The sole issue is whether the acts of Adolph were sufficient to constitute substantial compliance with the provisions of the policy of insurance relative to changing beneficiaries.

It is settled in this Commonwealth that, after the death of the insured, the insurer cannot by interpleader or otherwise waive conditions precedent contained in a policy of insurance relative to change of beneficiaries. Kochanek v. Prudential Ins. Co. 262 Mass. 174, 177, 178, and cases cited. Resnek v. Mutual Life Ins. Co. 286 Mass. 305, 309, 310. Goldman v. Moses, 287 Mass. 393, 397. These cases also establish that a substantial compliance with the provisions of the policy regulating change of beneficiaries must be *338followed. Just what constitutes such compliance must, of course, vary with the circumstances of particular cases, but it is of the essence of substantial compliance that the insured must have done all in his power to effect the change, leaving only some ministerial act on the part of the insurer necessary to consummate it. French v. Provident Savings Life Assurance Society, 205 Mass. 424, 428.
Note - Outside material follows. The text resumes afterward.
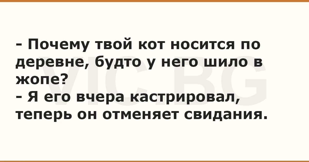 - Почему твой кот носится по деревне, будто у него шило в жопе? - Я его вчера кастрировал, теперь он отменяет свидания.
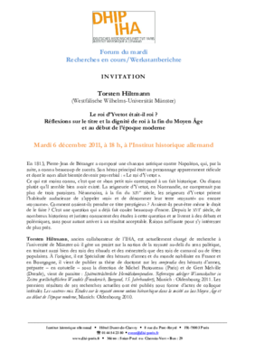 Torsten Hiltmann (Universität Münster), Le roi d’Yvetot était-il roi ? Réflexions sur le titre et la dignité de roi à la fin du Moyen Âge et au début de l’époque moderne

While the court is alert to protect the interest of the beneficiary named in a policy of insurance against fraud, overreaching and undue influence on the part of others, and recognizes the right of the insured to change the beneficiaries in accordance with the terms of the policy of insurance, yet it is settled that if the insured has not sufficiently complied with the requirements for change prior to his death, his death serves to vest in the beneficiary named the right to the proceeds, and no act of the insurer or other claimants can prejudice that right.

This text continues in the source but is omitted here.